The ACLU’s planned legal challenge will test President-elect George W. Bush’s administration’s palate for taking on the controversial issue since the Bush Justice Department will have to defend the bill in court, the wire reported.

The highly controversial bill was opposed by a coalition of the ACLU, other civil liberties groups and conservative Christians. The law mandates that Internet-connected computers be equipped with software that is supposed to block or filter out material deemed obscene or “”harmful to minors.”” But the law’s critics say that such blocking software is deeply flawed and provides a false sense of security because it cannot block 100 percent of so-called “”objectionable”” material.

“”This is the first time since the development of the local, free public library in the 19th century that the federal government has sought to require censorship in every single town and hamlet in America,”” Chris Hansen, a senior staff attorney for the ACLU, told AP. “”More than 100 years of local control of libraries and the strong tradition of allowing adults to decide for themselves what they want to read is being casually set aside.””

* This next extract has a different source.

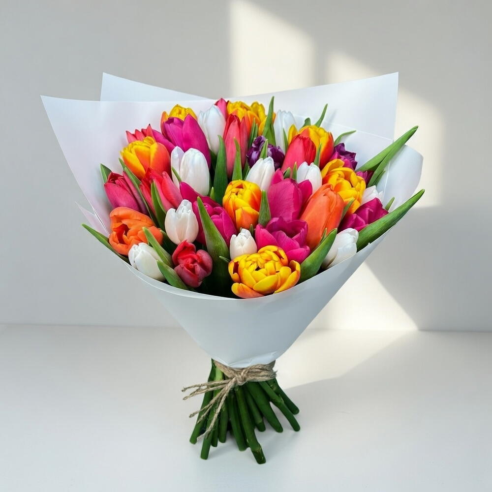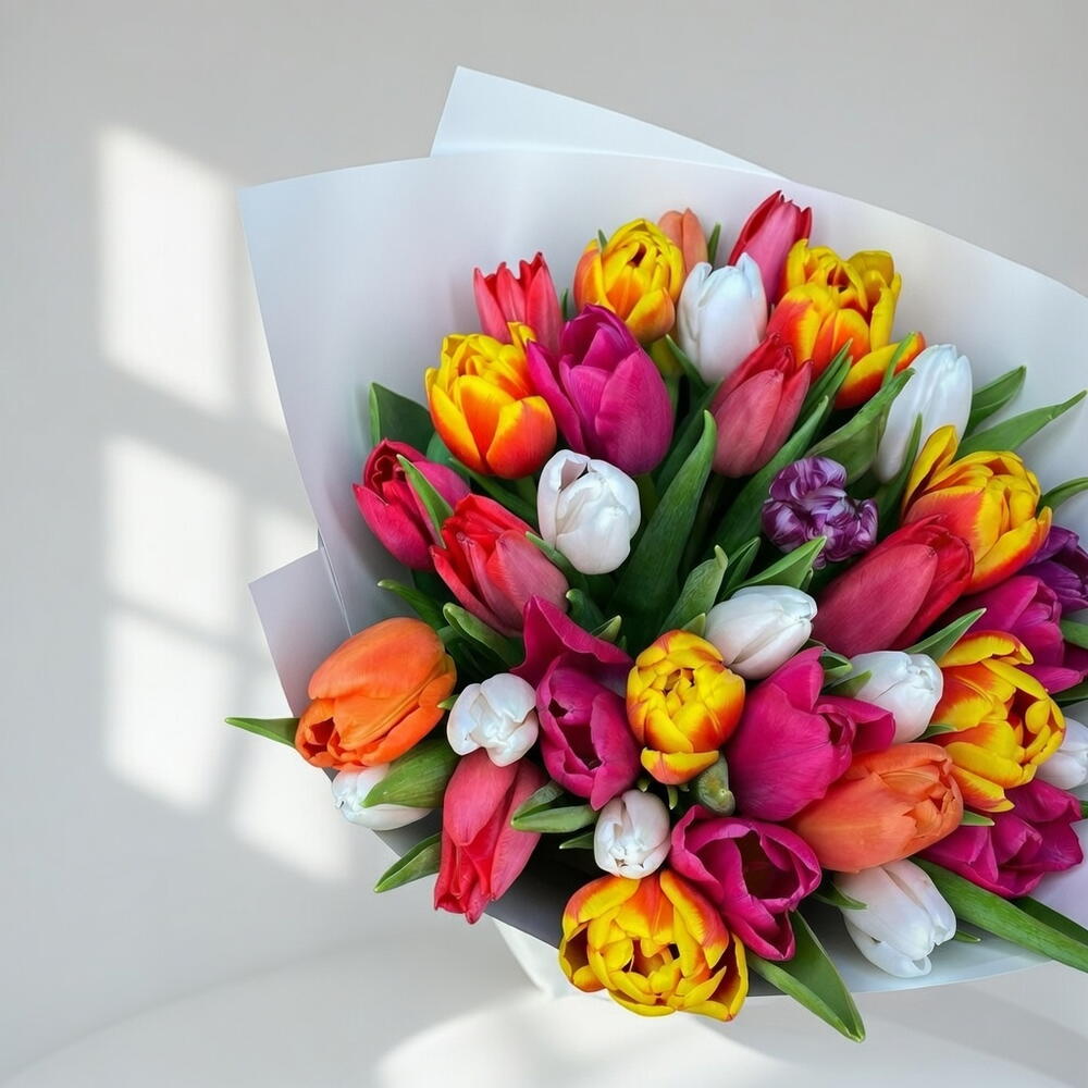 Rainbow Delight — это яркий букет из сорока пяти свежих тюльпанов, составленный в гармонично сбалансированной смеси красных, жёлтых, розовых, белых и фиолетовых оттенков. Гармоничное распределение цветов создаёт живую, но элегантную композицию, наполненную положительной энергией. Каждый оттенок вносит своё значение — любовь, счастье, восхищение, искренность и вдохновение — в результате получается букет, излучающий радость и тепло. Щедрый объём придаёт роскошный вид, сохраняя при этом лёгкий, весенний характер. Идеально подходит для дней рождения, юбилеев, Международного женского дня, выпускных, семейных торжеств или трогательного сюрприза. Эта яркая композиция создана, чтобы сделать любой день особенным и запоминающимся. Аккуратно упакованный и оформленный с утончёнными завершающими штрихами, этот букет дарит свежесть, цвет и настоящий весенний дух в каждом стебле.

Filtering programs contain encrypted “”blocked”” lists that consist of a database of sites someone or some team of people decided are inappropriate. Other filtering programs block sites based on a list of “”objectionable”” keywords. Critics of filtering software, on all sides of the political spectrum, say that the technology’s arbitrary nature is troublesome because it ends up blocking access to Web sites that it shouldn’t.

The ACLU has made successful challenges to similar Internet censorship laws, including the Communications Decency Act, Children’s Online Protection Act and several state measures.